La conclusión operativa no invalida el diagnóstico de junio, lo estrecha. La viabilidad del proyecto sigue dependiendo de una condición exógena que el interesado no controla, pero esa condición se ha vuelto más exigente: ya no alcanza con que la polarización argentina se fatigue: hace falta, además, que la demanda porteña de cambio encuentre en el ex alcalde un destinatario que hoy, según la evidencia disponible, no reconoce en él. Los próximos hitos verificables son dos: si el frente con primarias que impulsa el radicalismo se materializa antes de fin de año, y si el Plan 15% exhibe en diciembre alguna métrica que lo respalde.
Preguntas frecuentes
¿Qué agrega este informe al publicado el 12 de junio?
Actualiza el análisis con tres desarrollos posteriores: la formalización anticipada de la candidatura de Jorge Macri a la reelección, la difusión de mediciones que ubican al ex jefe de Gobierno con imagen mayoritariamente negativa en el distrito, y la aparición de Victoria Villarruel como figura más mencionada al preguntar quién podría derrotar al oficialismo porteño.
¿Sigue en pie la candidatura de Larreta?
Sí. La ratifica públicamente y mantiene la agenda legislativa y la plataforma programática enunciadas. Su entorno sostiene que las definiciones sobre alianzas se tomarán a comienzos de 2027.
¿Qué es el Plan 15%?
La estrategia de acumulación que su espacio se fijó: consolidar hacia diciembre de 2026 un piso propio de quince puntos en la Ciudad, casi duplicando el 8,08% obtenido en mayo de 2025, para negociar desde una posición de fortaleza relativa.

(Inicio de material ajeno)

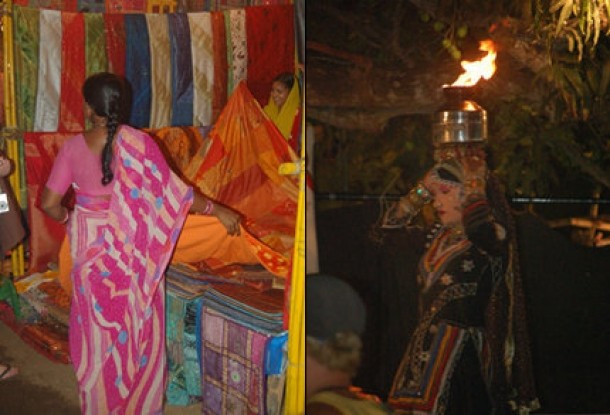 Ce faci seara in Goa o sa va dau suprema reteta ca sa incantam chiar sau aproape toate simturile. Ca sa intram in atmosfera “make love not war” mergem la Arpura un satuc faimos pentru targul sau, in sezon se tine de 2 ori pe saptamana. Poate cu ajutorul pozelor sa intelegi nebunia de culori a acestui eveniment. Nu e un simplu targ e un eveniment, intotdeauna cu ceva entertainment, eu am prins un spectacol cu o dansatoare care s-ar fi certat rau de tot cu pompierii nostri. Avea pe cap un vas in care ardeau carbuni cred si ea facea tot felul de exhibitii de si Nadia Comaneci ar fi fost invidoasa. O formatie canta la tot felul de instrumente tipice tabla un fel de tobe si tanpura un fel de sitar mai simplu si ce imi place mie cel putin vizual vorbind este harmonium. Un fel de jumatate de acordeon care se tine pe podea si cantaretul cu o mana atinge clapele ca de pian si cu cealalta pompeaza aer in aparat. E fascinant de urmarit mai ales ca in aceea seara canta o mare vedeta care era si solist vocal ba pe deasupra si un fel de Michael Jackson si nu ma refer nici la operatii sau acuzatiile de pedofilie ci la faptul ca omul nostru si dansa daca se poate spune asa ceva despre cineva care sede pe jos si mai face si celelalte chestii mai sus numite.

¿Puede integrar un frente con el PRO?
La hipótesis, descartada en junio por el propio larretismo, vuelve a estar sobre la mesa: sectores del radicalismo impulsan un frente amplio con primarias que incluiría al PRO, la UCR, el espacio del ex alcalde, Confianza Pública, la Coalición Cívica y el socialismo. El macrismo porteño lo mantiene como una de dos alternativas abiertas.
¿Villarruel es candidata en la Ciudad?
No consta que haya manifestado interés en el distrito. El dato surge de una pregunta hipotética sobre quién podría derrotar al jefe de Gobierno y no mide intención de voto. Su relevancia es indicativa de la estructura del electorado, no de una candidatura en curso.